As a result of attempts to return the TerraUSD (UST) peg to the US dollar, the Luna Foundation Guard (LFG) lost about $3 billion, according to information The Block analyst Larry Cermak. Before the collapse of the altcoin, the total value of the coins in the fund reached $3.1 billion, by the current moment it has decreased to $268.3 million, and excluding the project’s own tokens, to $87 million, writes RBC Crypto.
After the publication of LFG reporting, the cost of UST and Luna tokens continued to fall. The price of the stablecoin has fallen to $0.05, the Luna rate to $0.00013 (last week it reached $80). The company emphasized that it plans to use the remaining assets to offset the losses of holders of small amounts in UST.
UST lost its peg to the US dollar on May 8, when there was a sharp outflow of assets from the Anchor protocol, as a result of a decrease in the rate of return on deposits to 17.87%. LUNA, which is used to stabilize the price of UST, also suffered. Altcoin emission increased to 6.9 trillion tokens.

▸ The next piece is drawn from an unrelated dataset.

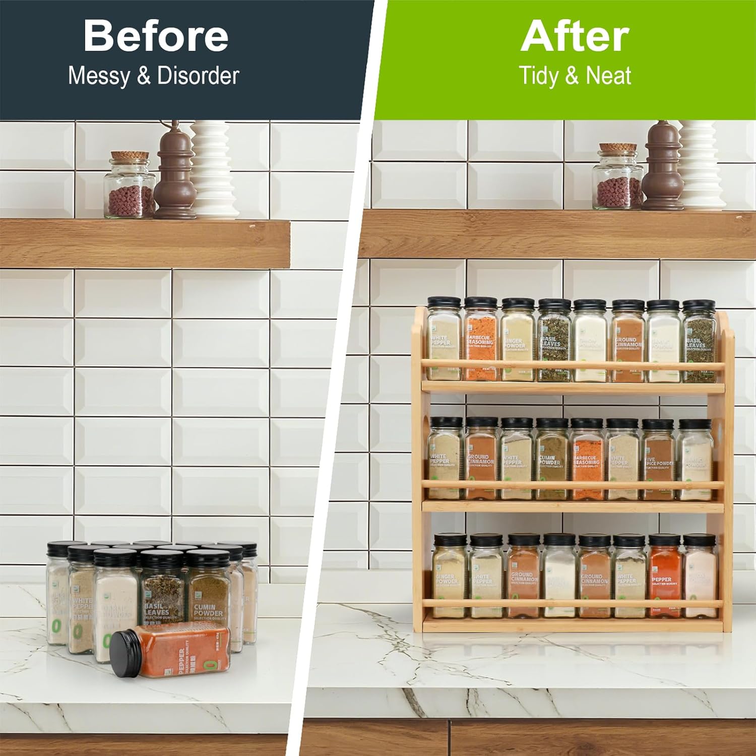 • Durable and Sturdy: The spice rack is made of naturally solid bamboo. This rack features a smooth, moisture - resistant surface. Durable and sturdy, it ensures lasting stability for reliable daily use and helps prevent scratches during assembly. Easy to maintain, simply wipe it clean with a towel. (Spice Jars Not Included)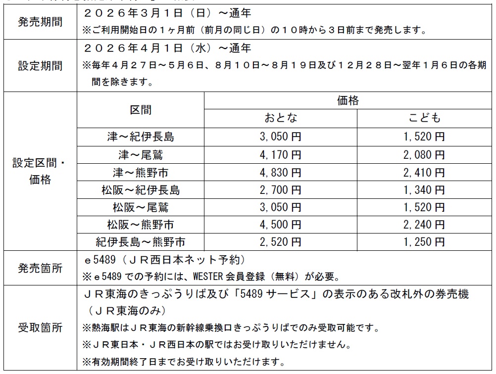 特急「南紀」の普通車指定席を発車日の3日前までにe5489(JR西日本ネット予約)で予約することで、お得に乗車可能なきっぷを新たに発売。乗車前に駅で発券が必要

The risks of non-recovery of the price of tokens are quite high, says Nikita Zuborev, senior analyst at Bestchange.ru. He explained that the dilution of value occurred against the backdrop of an uncontrollably inflated issue of the token, which in theory should have compensated for the reduction in the cost of UST collateral, but only exacerbated the fall. Also, the reputation of the development team was seriously affected.
“Even after a single case of such a large-scale failure, the credibility of their future projects will be undermined, and in the conditions of the “information war” that was launched around Do Kwon, this effect will increase many times over. In addition, the journalists managed to find out about the direct connections of the Terraform Labs team with the previously “ruined” algorithmic stablecoin Basis Cash (BAC),” Zuborev explained.
He recalled that the CEO of the project himself said that he was unlikely to be able to “restore the entire ecosystem completely” and suggested that the community deliberately abandon the price parity of UST with the US dollar, which, at best, would lead to multimillion-dollar losses for stablecoin holders. Any such plan will not bring any serious results to the parent asset of the Terra project (LUNA), the expert added.
According to him, we can expect Terra’s price to recover to some extent after the start of active actions to restore the ecosystem. At the very least, by drastically reducing the issuance, reprioritizing, and using unspent bitcoin reserves from the Luna Foundation Guard stabilization fund, a serious technical impetus for the price of LUNA can be created, and some late investors will be able to earn several tens of percent, provided that the strength of the sale of early investors ( those who have lost more than 99%) will not outperform the purchase.
“In any case, such a “trail” of deceived investors will not allow the project to develop stably in the long term with any recovery plan,” Zuborev is sure.
Alfacash director Nikita Soshnikov agreed with him, who also sees no long-term prospects for Luna. According to Soshnikov, in this case, you can only buy a “deliberately failed project” in the hope of then selling it to “hamsters” who are still in the stage of denial and hope for a revival of the project.
“The reputation of Luna and UST has been lost forever, too much negative information about the founders, their manipulations, previous projects has appeared in the information field,” the specialist emphasized.
He called Terra the “most hated” project in the crypto space. According to Soshnikov, the failure of the altcoin had a negative impact on the market as a whole, so there is no hope for an early rise in the bitcoin rate, and new legislation will appear in the industry that will tighten regulatory oversight of stablecoins.
The idea of maintaining the rate of a decentralized stablecoin with the help of cryptocurrency reserves has, as expected, collapsed, Roman Nekrasov, co-founder of the ENCRY Foundation, believes. He noted that the tokenomics on which the value of Luna was based, including the Anchor protocol, which promised 20% per annum for UST staking, raises questions.
“I don’t see prospects for recovery in Luna and UST, the confidence of market participants has been undermined. The collapse of UST provoked a domino effect and a collapse in the crypto market, pulling other cryptocurrencies with it and, perhaps, will be the first in a series of bankruptcies of other stablecoins,” Nekrasov predicted.